Here's, one more tempting, little peek at what's in the upcoming issue.
Level Up #3: Editorial
I’ll admit; I’m a pretty visceral guy. My favorite movies are the kind with plenty of dismemberments and gallons of blood. My favorite sports involve hitting things and people with clubs, sticks, swords, and my bare fists. And my favorite role-playing game is the one where you kill lots of monsters and take their stuff…come on, you know the one.
As you might suspect, when I play D&D, my favorite characters are fighters and barbarians armed with big, heavy weapons that go crunch or splat when they hit the bad guy; and I like monsters that do truckloads of damage with each hit or inflict horrific, debilitating curses, diseases, or wounds on players.
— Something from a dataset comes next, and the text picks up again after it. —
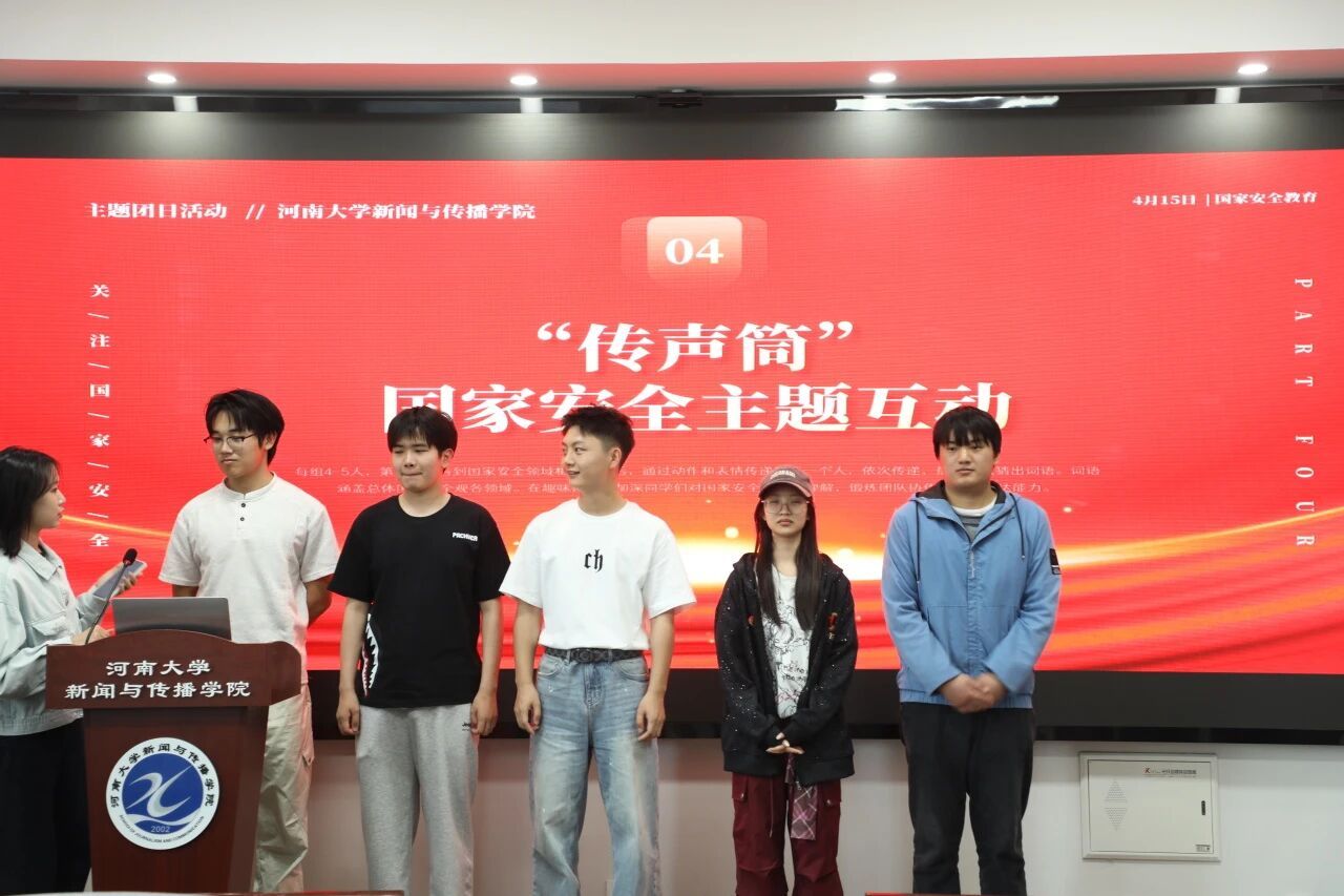 讨论结束后,主持人带领在场同学开展“传声筒”互动游戏,在轻松有趣的氛围中熟悉安全术语、掌握安全知识,深化了对国家安全内涵的理解。

Now, with that little bit of background, you’d probably be surprised that I’d devote an entire issue of
Level Up to fey. But, hey, I enjoy a bit of subtlety now and then, and as it turns out, fey can be just as nasty and in-your-face as a rampaging dragon or a bloodthirsty demon. The difference is that when a death hag rips your head off, she does it with a panache that few other monsters can manage. You see, with fey, it’s all about style; and even gut-wrenching torture and bloody dismemberments are done with an artistic flare that makes the worst atrocities somehow more atrocious.
So in this issue of Level Up, you won’t find any articles on fairies, garden gnomes, or expansive treatises on elven magic. What you will find, however, is the dark, ugly side of the fey; and in the case of this issue’s Blackdirge’s Bestiary, the emphasis is definitely on the ugly. You’ll also find a paragon-level adventure that pits your PCs against the machination of some very naughty hags, a new race of blind, sword-wielding fey that make even the drow look commonplace in comparison, and a complete, new multiclass that allows your PC to harness a bit of fey magic to wreak some serious havoc on the battlefield.
So take a walk on the wild side – the Feywild side that is – and don’t be fooled by the pleasant, tranquil cover. The fey in this issue are like the gingerbread house that so tempted Hansel and Gretel; sweet and innocent on the outside, but harboring a rotten core of cruelty, evil, and ugliness.